Ab sofort wird nichts mehr aus Inkognito-Tabs in die Zwischenablage-Historie übernommen oder in die Cloud synchronisiert.
Kurz gesagt: Was du im Inkognito-Modus kopierst, bleibt auch dort. Und das ist ein echter Gewinn für deine Privatsphäre.
Was der Inkognito-Modus eigentlich macht
Wenn du einen Inkognito-Tab in Chrome oder einen InPrivate-Tab in Edge öffnest, speichert dein Browser:
- keinen Verlauf – also keine Liste besuchter Webseiten
- keine Cookies und Website-Daten – das heißt: keine personalisierte Werbung
- keine Formulardaten – deine Eingaben bleiben nicht gespeichert
Praktische Beispiele?
- Du willst Flugpreise oder Hotels vergleichen, ohne dass die Preise hochgehen? Perfekt.

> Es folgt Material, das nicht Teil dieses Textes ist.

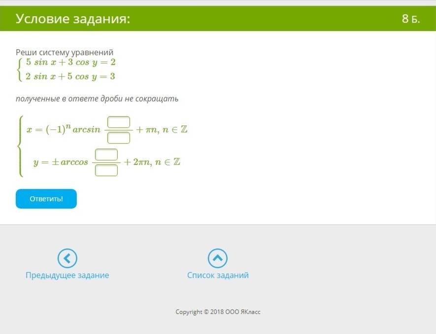 Получите помощь в решении задачи по простая система но нужна срочно! 20 баллов Реши систему уравнений {5sinx+3cosy=2 {2sinx+5cosy=3 для школьников 5 - 9 класс. Прочитайте множественные ответы и обсудите задачи с другими участниками. Ответы на этот вопрос уже есть. Присоединяйтесь к нашему сообществу, задавайте вопросы и становитесь экспертом!
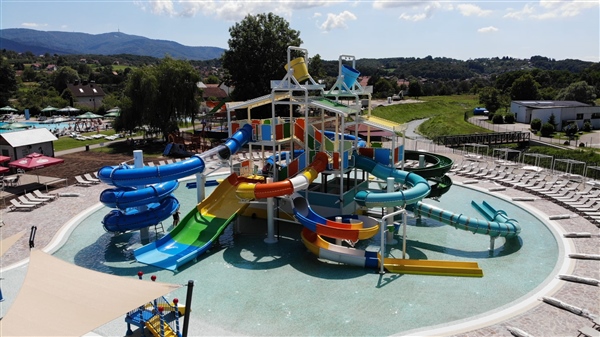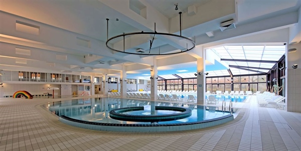 Unutarnji vodeni park s prirodnom termalnom vodom otvoren je cijele godine te nudi plivački bazen, hidromasažni bazen, dječji bazen s toboganima, bazen za bebe i rekreacijski bazen. Termalna voda izvorne temperature 38°C sadrži više različitih iona te se smatra ljekovitom mineralnom vodom.
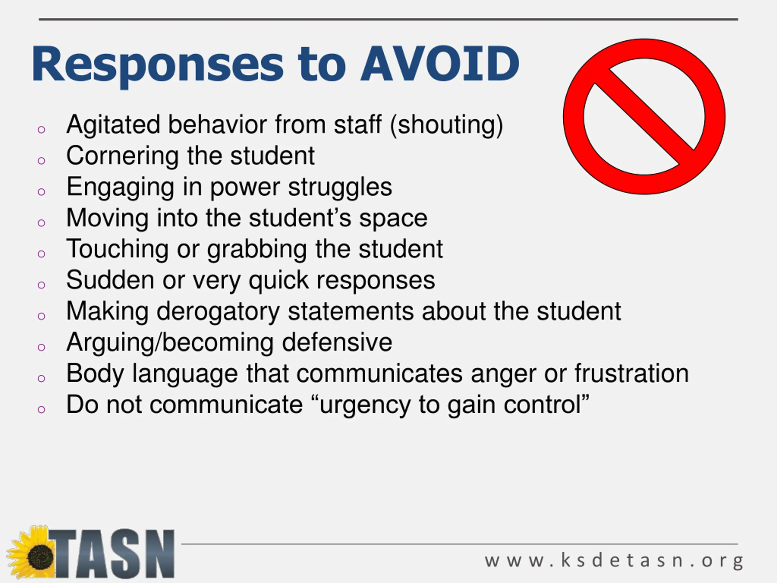 Responses to AVOID o Agitated behavior from staff (shouting) o Cornering the student o Engaging in power struggles o Moving into the student s space o Touching or grabbing the student o Sudden or very quick responses o Making derogatory statements about the student o Arguing/becoming defensive o Body language that communicates anger or frustration o Do not communicate urgency to gain control w w w . k s d e t a s n . o r g
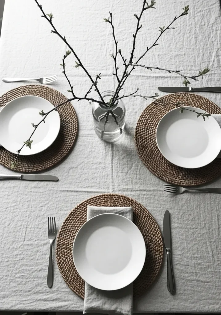 This table setting is all about quiet simplicity. A soft linen tablecloth creates a serene base, while woven placemats add warmth and texture. At the center, a glass vase holds a few bare branches with tiny budding leaves, creating a striking yet peaceful focal point. The whole scene feels uncluttered and balanced, like nature was invited to dinner.
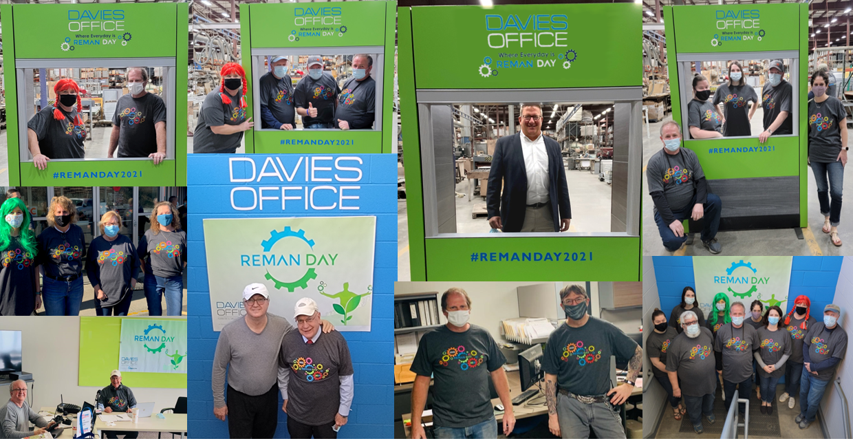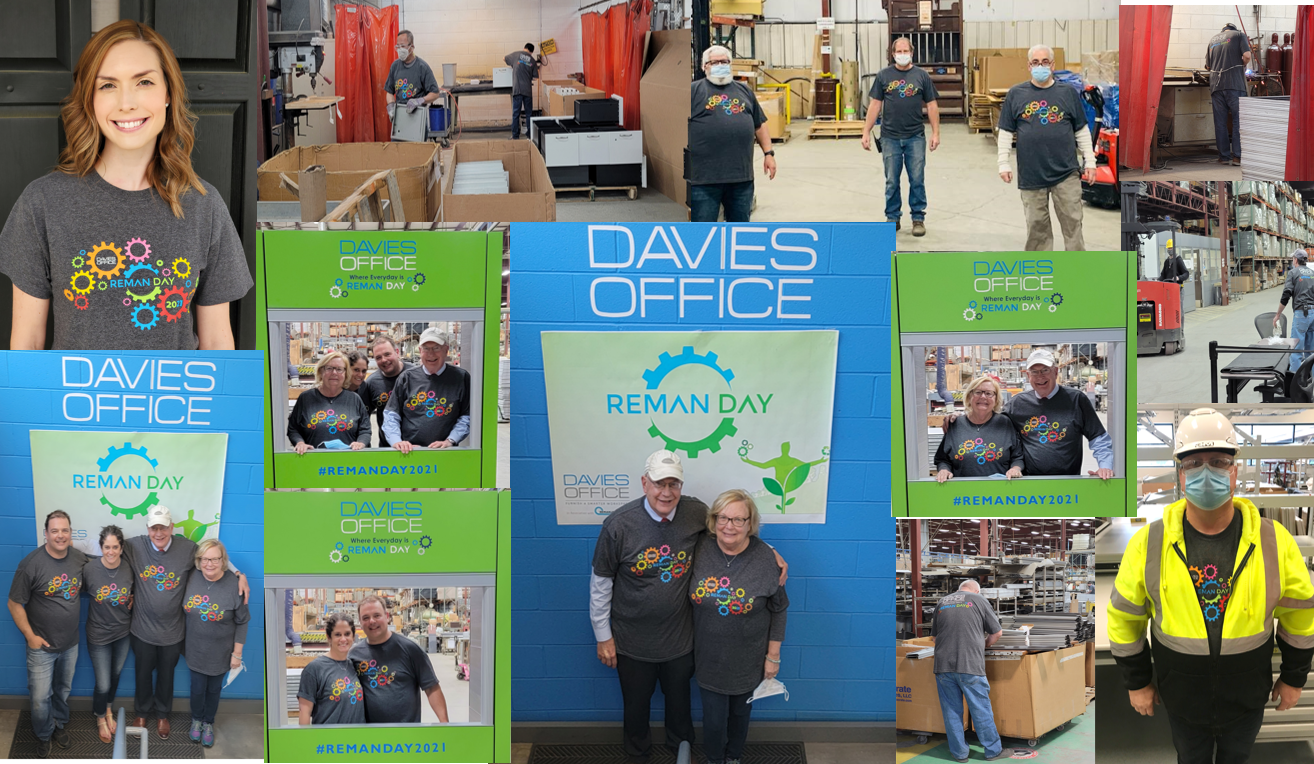 What is Global Remanufacturing (Reman) Day? #RemanDay is an opportunity to celebrate the economic and environmental benefits of remanufacturing, create a public awareness for remanufacturing and advance the remanufacturing industry through hosted events and workforce development initiatives.  Our wonderful staff had lots of fun taking pictures in the photo booths around the production area and warehouse. Doug Pilgrim, our National Business Development Manager, did a fantastic job of presenting (not once, but twice!) the Davies philosophy and case studies, and how we’ve accommodated clients requests through use of remanufactured furniture.
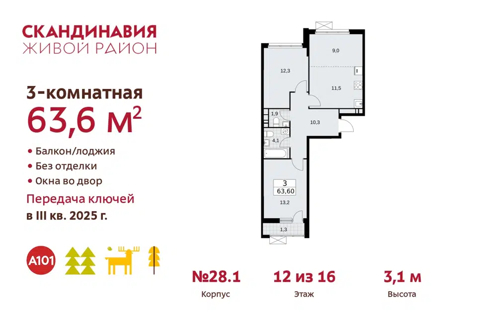 3-комн. кв., от 63.6 м², 2-10 этажи
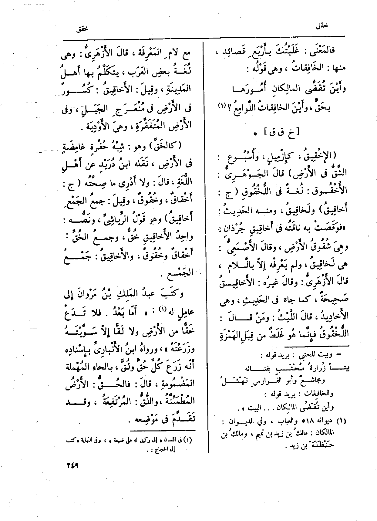 وكتَبَ عبدُ المَلِكِ بْنُ مَرْوانَ إِلَى عامِلٍ لَهُ: أمّا بَعْدُ. فَلَا تَدَعْ} خَقاً من الأَرْضِ وَلَا لَقاً إِلاّ سَوَّيْتَهُ وزَرَعْتَهُ، ورواهُ ابنُ الأنْبارِيِّ بإسْنادِه أَنّه زَرَعَ كُلَّ حُقِّ ولُقٍّ، بالحاءَ المُهْملة المَضْمُومةِ، قالَ: فالحُق: الأرْضُ المُطْمَئَنَّةُ، واللُّقُّ: المُرْتَفِعَةُ، وَقد تَقَدَّمَ فِي مَوْضِعه.

- Du nutzt mehrere Logins, ohne dich ständig ab- und anzumelden? Super einfach.
- Du sitzt an einem fremden PC und willst keine Spuren hinterlassen? Genau dafür ist es da.
Warum das mit der Zwischenablage gefährlich war
Stell dir vor, du kopierst sensible Daten – ein internes Passwort, ein vertrauliches Dokument, einen privaten Chat.

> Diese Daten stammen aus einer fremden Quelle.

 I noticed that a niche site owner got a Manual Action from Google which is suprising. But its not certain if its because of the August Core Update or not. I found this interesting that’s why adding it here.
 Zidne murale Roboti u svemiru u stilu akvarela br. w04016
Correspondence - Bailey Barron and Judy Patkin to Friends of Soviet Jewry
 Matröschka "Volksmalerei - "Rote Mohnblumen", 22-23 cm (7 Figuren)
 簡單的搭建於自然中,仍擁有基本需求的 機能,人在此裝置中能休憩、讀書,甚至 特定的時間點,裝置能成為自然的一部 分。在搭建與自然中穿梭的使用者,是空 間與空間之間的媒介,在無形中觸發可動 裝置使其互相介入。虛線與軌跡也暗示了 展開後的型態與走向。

Und jemand drückt später Windows-Taste + V auf deinem PC…
Schon könnte er alles sehen. Und mit Cloud-Zwischenablage sogar von einem anderen Gerät aus. Nicht gerade das, was man sich unter „privat“ vorstellt, oder?
Und was hat sich sonst noch getan?
Noch eine kleine, aber feine Neuerung: Wenn du im Inkognito-Modus ein Video abspielst, zeigt Windows jetzt keine Vorschau mehr.
Früher war da das Video-Cover, der Titel, alles – sogar auf dem Sperrbildschirm. Jetzt steht da nur noch: „Eine Website spielt Medien ab.“ Punkt.
Gerade bei sensiblen Inhalten – sei es geschäftlich oder privat – ist das ein echter Bonus. Niemand sieht, was du dir gerade ansiehst.
Fazit: Mehr Privatsphäre, weniger Spuren
Der Inkognito-Modus war nie ein Tarnkappen-Browser. Dein Arbeitgeber, dein Internetanbieter oder die Website selbst – die sehen weiter, was du tust.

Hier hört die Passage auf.